LOUDON — New Hampshire Motor Speedway celebrates its silver anniversary of hosting NASCAR races this weekend with the big event being Sunday's Sprint Cup Race, the 5-hour ENERGY 301 which will be start at 1:30 p.m. and will be broadcast live by the NBC Sports Network.

The track opened as New Hampshire International Speedway in June of 1990 after nine months of construction following Bob Bahre's purchase of Bryar Motorsports Park in 1989. The reconstruction of the track into a 52,000 seat complex with a 1.058 mile oval made it the largest speedway in New England and subsequent expansions doubled the capacity to over 90,000.

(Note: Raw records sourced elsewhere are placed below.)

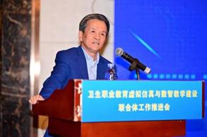 会议期间,联合体专家组专家、南京医科大学高兴亚教授作了题为《AI+虚拟仿真实训教学课程云平台建设思路》的专题报告,对课程云平台建设的思路和具体要求进行了详细阐述,分享了教育数字化转型方面的探索和实践经验。
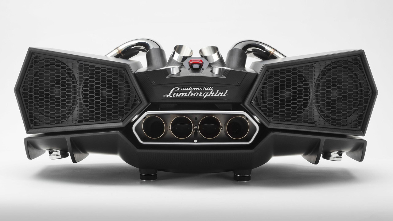 To, na co právě koukáte, není zadek z nabouraného Lamborghini, ale samostatný audiosystém iXOOST Esavox. Nejnovější produkt italské společnosti, která využívá právě výfukové systémy lokálních supersportů coby nedílnou část svých „hrajících soch“.
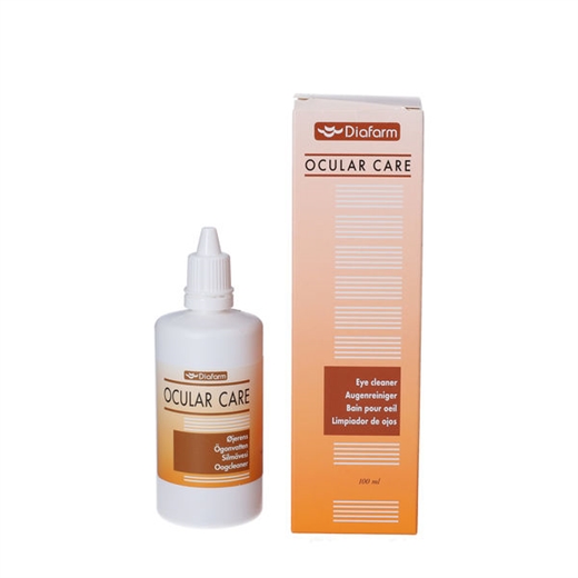 Diafarm Ocular Care Øjerens anvendes til dyr, når der er skorper og snavs ved øjnene.
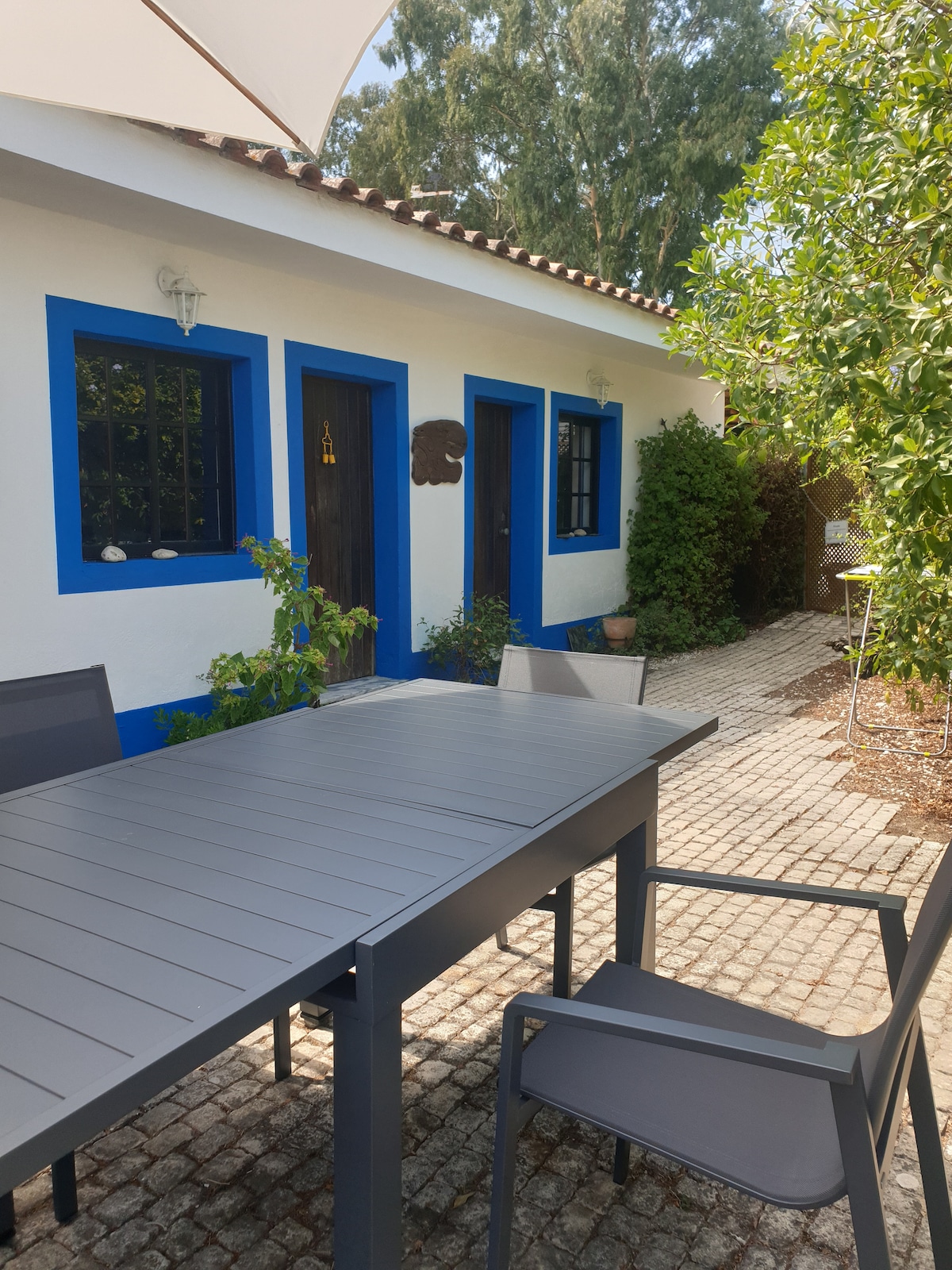 A typical portuguese house with two charming bedrooms and two bathrooms: - one double bedroom with own bathroom, a small entrance area and a sofa to have some coffee and tea and a private terrace in front - one twin bedroom with own bathroom, a kitchenette, a small living room and a big terrace in front with outside seating Perfect for a family or two couples.

NASCAR made its debut at the track on July 15, 1990 with the Busch Series Budweiser 300, which was won by Tommy Ellis and featured many drivers from the then Winston Cup Series, including Dale Earnhardt, Sr., who placed seventh,

The Busch Series, which was later renamed the Nationwide Series and is now known as the NASCAR XFINITY series, were successful races, enabling the speedway to gain a spot on the Winston Cup series calendar in 1993.

The first NASCAR Sprint Cup race at NHIS, the Slick 300, was held on July 11, 1993 and was won by NASCAR Hall of Famer Rusty Wallace. It was also the last race ever for Davey Allison, who was fatally injured in a helicopter crash the next day at the Talladega, Alabama, race track.

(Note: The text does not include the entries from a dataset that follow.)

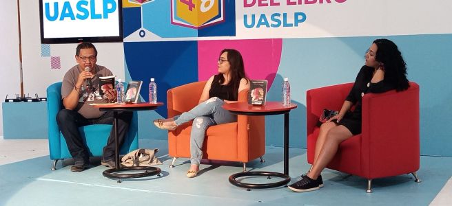 Por otro lado, Claudia Quezada, egresada de El Colegio de San Luis, quien se desempeña como gestora cultural agradeció a la UASLP la invitación, y dijo que esta es la primera vez que dos autoras de la obra están juntas hablando del texto completo.
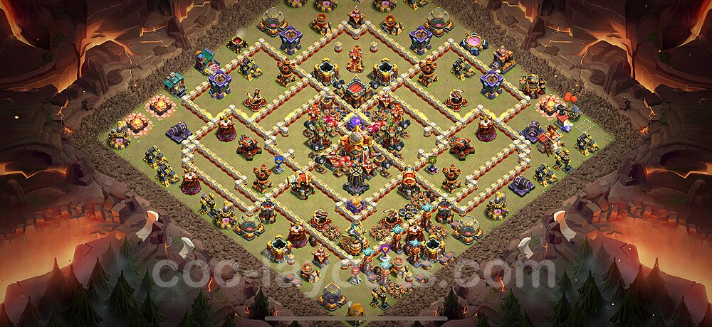 This Town Hall 16 war base is specifically designed to defend against 2-star and 3-star attacks in Clan Wars and Clan War Leagues. The strategic placement of defenses creates multiple compartments that force attackers to use more troops and spells than anticipated. Key defensive structures like Eagle Artillery, Inferno Towers, and X-Bows are positioned to cover crucial sections of the base, making it extremely difficult for opponents to secure a perfect attack. The core of this war base features a centralized Town Hall and Clan Castle, protected by multiple layers of walls and high-damage defenses. This layout forces attackers to commit significant resources just to reach the center, often leaving them without enough firepower to secure the Town Hall destruction. The anti-2-star design ensures that even if attackers breach the outer defenses, they'll struggle to achieve a 50% destruction rating. Air defenses are strategically spread to counter popular air attack strategies like LaLoon (Lava Hound + Balloons) and Electrone (Electro Dragons + Stone Slammer). The symmetrical trap placement and strategic Hidden Tesla positions create deadly surprise elements that can completely derail an attacker's plan. This base has been tested against various meta attack strategies and has consistently proven effective in preventing 3-star attacks.
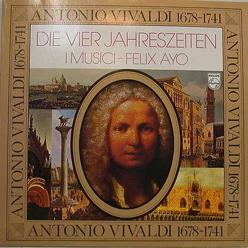 | Další informace: | Concerto Nr. 1 E-dur, op. 8,1 PV 241 A1 >>La Primavera<< Allegro • Largo • Allegro (Danza Pastorale) Concerto Nr. 2 g-moll, op. 8,2 PV 336 A2 >>L'estate<< Allegro Non Molto - Allegro Adagio - Presto - Adagio Presto (Tempo Impetuoso D'estate) Concerto Nr. 3 F-dur, op. 8,3 PV 257 B1 >>L'autunno<< Allegro (Ballo, E Canto De' Villanelli) Adagio Molto (Ubriachi Dormienti) Allegro (La Caccia) Concerto Nr. 4 f-moll, op. 8,4 PV 442 B2 >>L'inverno<< Allegro Non Molto • Largo • Allegro Composed By – Antonio Vivaldi Orchestra – I Musici Violin – Felix Ayo |
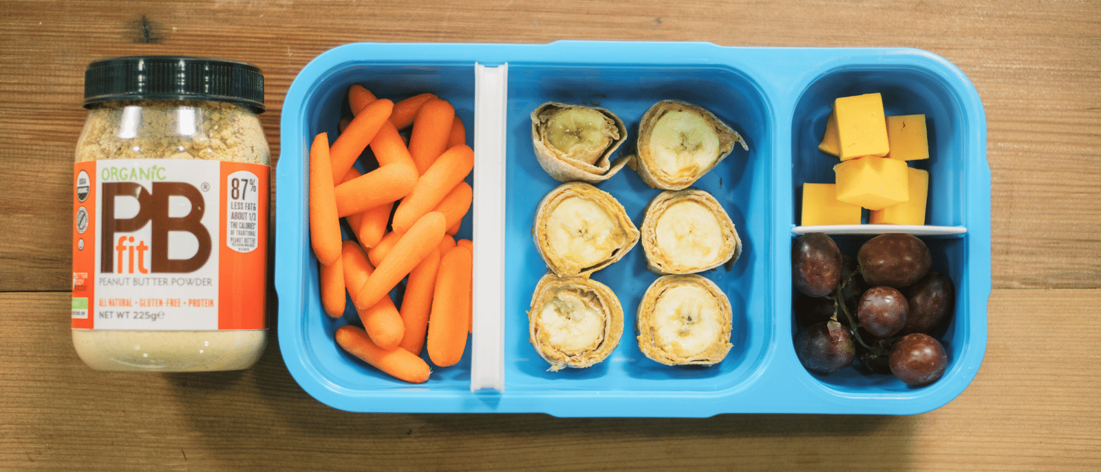 1. Mix the Pbfit powder with the water to make the peanut butter. 2. Spread half of the peanut butter on each tortilla. 3. Add a peeled banana on one end of the tortilla and roll it up. 4. Slice the banana filled tortilla into bite sized pieces. 5. Enjoy

After the 1996 season Bob Bahre and Bruton Smith bought the North Wilkesboro, North Carolina Speedway and moved one of its Winston Cup races to NHIS, a September event, with the other race going to one of Smith's other tracks.

NHIS has hosted two top-tier races a year since that time and has gained a reputation as a tough track for drivers to pass one another, which led to changes in the banking of the track in order to create more side by side racing and passing opportunities.

In 2000 the track was the site of a pair of fatal collisions, one in May which took the life of Adam Petty when his throttle stuck during a practice and he hit the wall in the middle of the third and fourth turns, and another in July in which Rookie of the Year Kenny Irwin died. For safety reasons ,when the cars returned for the September race, so-called restrictor plates were used to control speed and produced an uneventful race in which Jeff Burton led for all 300 laps of the Dura Lube 300.

Before the 2008 racing season, Speedway Motorsports, owned by Bruton Smith, purchased the track from the Bahre family for $340 million and changed the name of the track to New Hampshire Motor Speedway. It is one of eight tracks owned by Speedway Motorsports.

NASCAR has faced declining popularity nationwide ever since the 2008 recession and has been trying in recent years to woo back fans by making the races more competitive. Changes this year include reduction of horsepower from 850 to 725 and reduction of the rear spoiler from eight inches to six inches.

In-season race car set-up package changes are also being made and NASCAR Chairman and CEO Brian France said this week that he is very pleased with the package which was used last weekend at Kentucky Speedway.

A lower downforce package at Kentucky led to a track-best 22 green-flag passes for the lead and more than double the green-flag passes throughout the field from last season, from 1,147 to 2,665. France praised the NASCAR Research and Development Center for taking risks by running a new package in a race as the series reached the halfway point of its season.

"Our group at the R&D Center did a really good job, and they're taking some risks that are a little bit outside the box of NASCAR," France said. "We typically wouldn't be changing packages in mid-stream like this in the middle of our season. But we want to make sure that we're delivering the absolute best racing that we can. They felt — and I agree with them — the only way to sort that out is not to test it in sort of isolated tests but to do it in real racing time."

This Sunday's race at the Speedway is a crucial one in the Race for the Chase, which will see 16 drivers qualify from the first 26 races of the season to be eligible for the Sprint Cup championship, which will be determined over the last 10 races of the season.

Winning Sunday can play a big role in building a driver's momentum toward a championship run. From 2010-14, Jimmie Johnson, Ryan Newman, Kasey Kahne and Brad Keselowski used wins in this race to carry themselves into the NASCAR Chase for the Sprint Cup, and in 2013, Brian Vickers upset the field for his first win since 2009.

Keselowski won last year's July race at the speedway while Joey Logano won the September race.

Currently six-time champion Jimmie Johnson, who won both of the 2003 races at NHMS, is leading the Race for the Chase with four wins. Kevin Harvick, last year's Sprint Cup series winner, is second with two wins and leads in point standings. Joey Logano, also with two wins, is third followed by Dale Earnhardt Jr.